Spark streaming join Kafka topics comparison - apache-spark

We needed to implement join on Kafka topics with consideration of late data or "not in join", meaning data that come late on the stream or not in join will not be dropped/lost but will be marked as a timeout,
the result of the join is produced to output Kafka topic ( with a timeout filed if occurred).
(spark 2.1.1 in standalone deployment, Kafka 10 )
Kafka in topics: X, Y,... out topics result will look like:
{
"keyJoinFiled": 123456,
"xTopicData": {},
"yTopicData": {},
"isTimeOutFlag": true
}
I found three solutions wrote them here, 1 and 2 from spark streaming official documentation but are not relevant to us ( data not in join Dtsream, arrive "business time" late, is dropped/lost) but I wrote them for comparison.
From what we saw there are not too many examples for Kafka join topic with a stateful operation add some code here for review:
1) According to spark streaming documentation,
https://spark.apache.org/docs/2.1.1/streaming-programming-guide.html:
val stream1: DStream[String, String] =
val stream2: DStream[String, String] =
val joinedStream = stream1.join(stream2)
This will join data from both stream batches duration, but data arrive "business time" late/not in join will be dropped/lost.
2) Window join:
val leftWindowDF = kafkaStreamLeft.window(Minutes(input_parameter_time))
val rightWindowDF = kafkaStreamRight.window(Minutes(input_parameter_time))
leftWindowDF.join(rightWindowDF).foreachRDD...
2.1) In our case we need to use Tumbling window in consideration for
spark streaming batch interval.
2.2) Need to save a lot of data in Memory/Disk, for example, 30-60 min
window
2.3) And again data arrive late/not in the window/not in the join is
dropped/lost.
* Since spark 2.3.1 Structured streaming stream to stream join is
supported, but we encounter a bug with not cleaning HDFS state
store, as a result, a job was falling every few hours on OOM,
resolved in 2.4
,https://issues.apache.org/jira/browse/SPARK-23682
(use of Rocksdb ,or CustomStateStoreProvider HDFS state store).
3) Using stateful operation mapWithState for join Kafka topics Dstreams
with tumbling window and 30 min timeout for late data,
all data produced to output topics contains joined messages from all
topics if join occurred or part of topic data if no
join occurred in 30 min ( mark with is_time_out flag)
3.1) Creating 1..n Dstream per topic, convert to Key value/Unioned
records with join filed as a key and tumbling window.
creating a catch-all scheme.
3.2)Union all streams
3.3)Run on union stream mapWithState with function - will actually do the
join/ mark timeout.
Great example for stateful join from databricks (spark 2.2.0):
https://www.youtube.com/watch?time_continue=1858&v=JAb4FIheP28
Adding a sample code that is running/testing.

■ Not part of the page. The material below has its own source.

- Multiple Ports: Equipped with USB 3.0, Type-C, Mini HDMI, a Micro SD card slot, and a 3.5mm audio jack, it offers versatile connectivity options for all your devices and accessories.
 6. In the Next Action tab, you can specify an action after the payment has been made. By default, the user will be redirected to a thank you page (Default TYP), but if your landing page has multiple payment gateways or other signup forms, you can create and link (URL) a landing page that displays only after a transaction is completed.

val kafkaParams = Map[String, Object](
"bootstrap.servers" -> brokers,
"key.deserializer" -> classOf[StringDeserializer],
"value.deserializer" -> classOf[StringDeserializer],
"group.id" -> groupId,
"session.timeout.ms" -> "30000"
)
//Kafka xTopic DStream
val kafkaStreamLeft = KafkaUtils.createDirectStream[String, String](
ssc,
PreferConsistent,
Subscribe[String, String](leftTopic.split(",").toSet, kafkaParams)
).map(record => {
val msg:xTopic = gson.fromJson(record.value(),classOf[xTopic])

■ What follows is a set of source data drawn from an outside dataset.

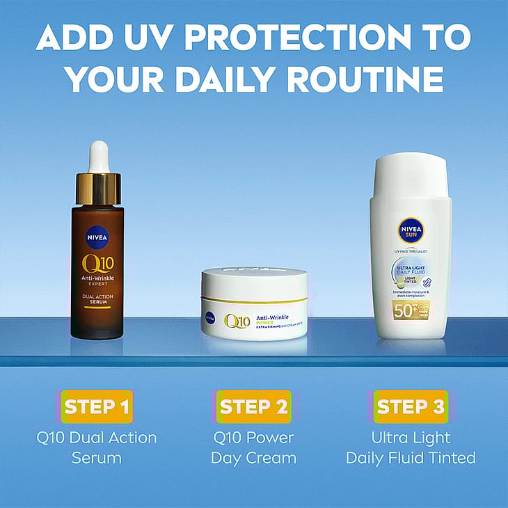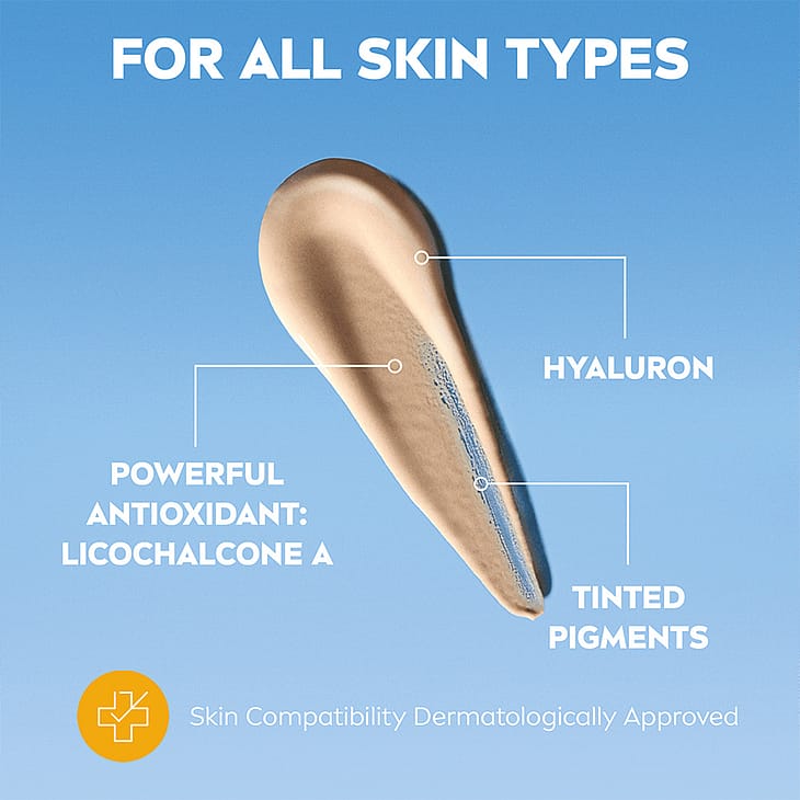 NIVEA SUN UV Face Specialist Ultra Light Daily Fluid Light Tinted SPF 50+ er specielt udviklet til sart ansigtshud. Denne ultralette solcreme beskytter sund hud mod UVA/UVB-stråler og mod effekter af højenergisynligt lys som f.eks. for tidlig ældning af huden. Den er beriget med hyaluron og licochalcone A, en kraftig antioxidant. Formlen med hyaluron fugter med det samme og giver en frisk hudfornemmelse. Derudover aktiverer Licochalcone A hudens egen forsvarsmekanisme og beskytter hudcellerne mod oxidativ stress. Den ultralette væske med tonede pigmenter og matterende effekt er ikke-fedtet og klistrer ikke. Den giver en jævn og naturligt udseende hudtone med langvarig dækning.
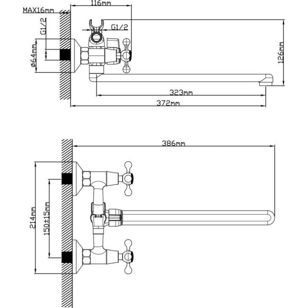 | Длина (вылет) излива | 323 мм |
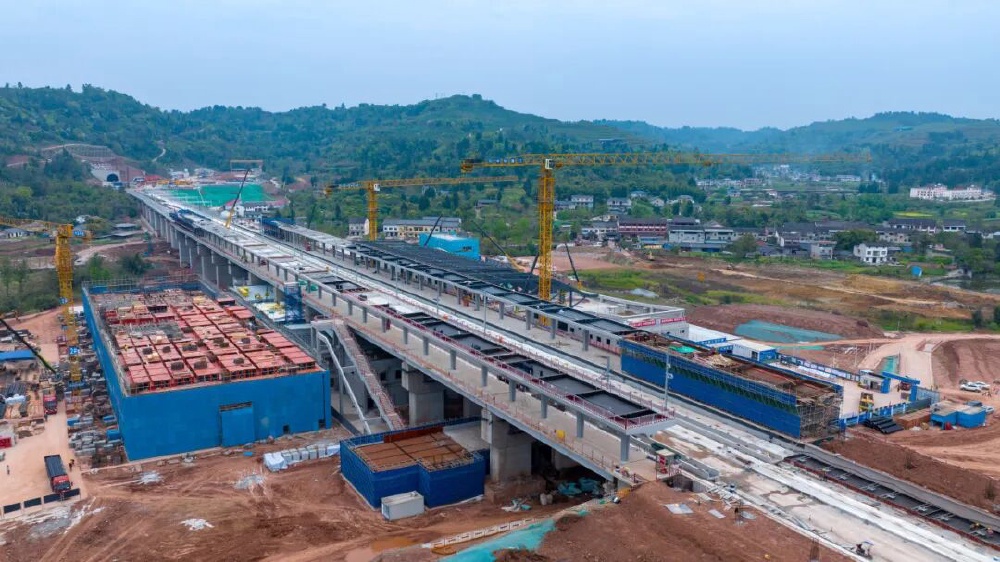 日前,成渝中线高铁重庆大足段建设取得重大进展:全段路基土石方工程全部完成,隧道全线贯通(总长18817米),桥梁下部结构及箱梁架设圆满收官,为后续无砟轨道铺设和铺轨施工奠定坚实基础。同时,大足石刻站站房混凝土主体结构已全面封顶,预计2026年内全面完工并具备静态验收条件。大足段作为重庆段关键控制性区间,其架梁圆满收官进一步加速了整体进度。

Unioned(Some(msg),None,if (msg.sessionId!= null) msg.sessionId.toString else "")
}).window(Minutes(leftWindow),Minutes(leftWindow))
//Kafka yTopic DStream
val kafkaStreamRight = KafkaUtils.createDirectStream[String, String](
ssc,
PreferConsistent,
Subscribe[String, String](rightTopic.split(",").toSet, kafkaParams)
).map(record => {
val msg:yTopic = gson.fromJson(record.value(),classOf[yTopic])
Unioned(None,Some(msg),if (msg.sessionId!= null) msg.sessionId.toString else "")

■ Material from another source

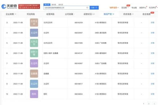 天眼查App顯示,近日,北京證券交易所有限責(zé)任公司申請(qǐng)注冊(cè)多個(gè)“北京證券交易所 BEIJING STOCK EXCHANGE”“北京證交所”“ 北證所”商標(biāo),國際分類包括通訊服務(wù)、教育娛樂等,目前商標(biāo)狀態(tài)均為申請(qǐng)中。
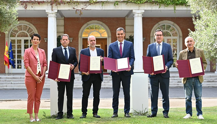 El acuerdo fue firmado por el presidente de CEOE, Antonio Garamendi, el de CEPYME, Gerardo Cuerva, el presidente del Gobierno, Pedro Sánchez, y los secretarios generales de Comisiones Obreras, Unai Sordo y UGT, Pepe Álvarez con la presidencia de la ministra de Inclusión, Seguridad Social y Migraciones, Elma Sáiz.

}).window(Minutes(rightWindow),Minutes(rightWindow))
//convert stream to key, value pair and filter empty session id.
val unionStream = kafkaStreamLeft.union(kafkaStreamRight).map(record =>(record.sessionId,record))
.filter(record => !record._1.toString.isEmpty)
val stateSpec = StateSpec.function(stateUpdateF).timeout(Minutes(timeout.toInt))
unionStream.mapWithState(stateSpec).foreachRDD(rdd => {
try{
if(!rdd.isEmpty()) rdd.foreachPartition(partition =>{
val props = new util.HashMap[String, Object]()
props.put(ProducerConfig.BOOTSTRAP_SERVERS_CONFIG, brokers)
props.put(ProducerConfig.VALUE_SERIALIZER_CLASS_CONFIG, "org.apache.kafka.common.serialization.StringSerializer")
props.put(ProducerConfig.KEY_SERIALIZER_CLASS_CONFIG, "org.apache.kafka.common.serialization.StringSerializer")
val producer = new KafkaProducer[String, String](props)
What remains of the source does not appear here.